Le bilan de la question au sein du " milieu " révolutionnaire actuel est loin d’être brillant. D’un côté, sur base de sa conception d’un freinage des forces productives, le CCI est amené à diminuer, voire nier systématiquement toute forme de développement des forces productives et d’évolution technologique (en témoigne son opposition farouche à la notion d’une " 3ème révolution technologique " dans les années ’80, opposition qui allait bien au-delà d’un problème de terminologie), à ne plus voir dans le capitalisme qu’une stagnation sans fin. L’expression la plus achevée de cette vision est sa nouvelle " théorie de la décomposition ", qui n’est en réalité qu’une décomposition de la théorie, devenue impuissante à comprendre et à expliquer la réalité, non seulement de la " reconstruction " d’après-guerre mais aussi de la crise actuelle. De l’autre côté, nombre de groupes et d’individus ont été amenés à rejeter le concept de décadence, à cause de l’incapacité des théories existantes à rendre compte du développement du capitalisme au cours de ce siècle. Ces groupes et individus développent une vision d’un capitalisme qui se développe toujours en traversant des crises, sans faire de différence qualitative entre périodes d’ascendance et de décadence du système. En général, ces visions s’avèrent incapables de fournir une explication économique des guerres mondiales et d’autres caractéristiques essentielles du capitalisme contemporain, telles que l’hypertrophie de l’Etat et l’économie d’armement.

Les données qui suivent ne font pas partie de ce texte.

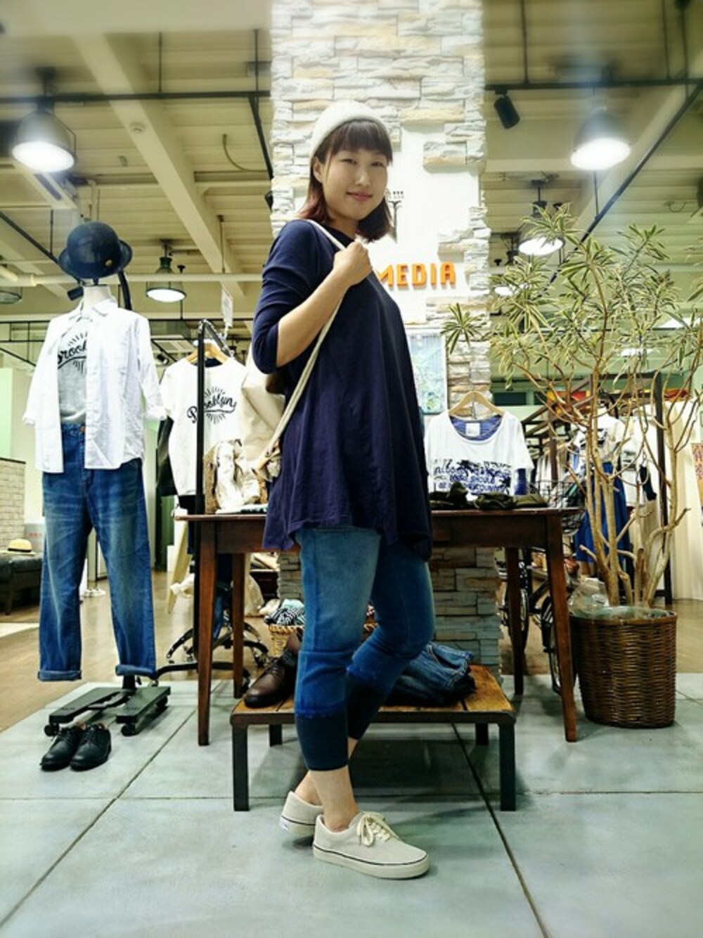 チュニックワンピ→L9933 チュニックワンピにスウェットデニムで、ストレスフリーな着心地です。

Ce bilan nous amène à penser qu’il faut aller au-delà des conception actuelles en développant une nouvelle théorie de la décadence qui soit débarrassée de ses incohérences passées. Cette théorie devrait être basée également sur une théorie cohérente de la crise, débarrassée de l’antagonisme stérile entre les conceptions de Luxemburg et de Grossmann–Mattick.

Nécessité du concept de décadence

Avant d’examiner quelques éléments pour une théorie nouvelle de la décadence du capitalisme, il nous faut d’abord nous interroger sur la nécessité même du concept. Le concept de décadence ayant été remis en cause par certains, on est en droit de se demander si le concept lui-même mérite d’être retenu. Ce concept nous paraît garder son importance fondamentale pour trois raisons principales.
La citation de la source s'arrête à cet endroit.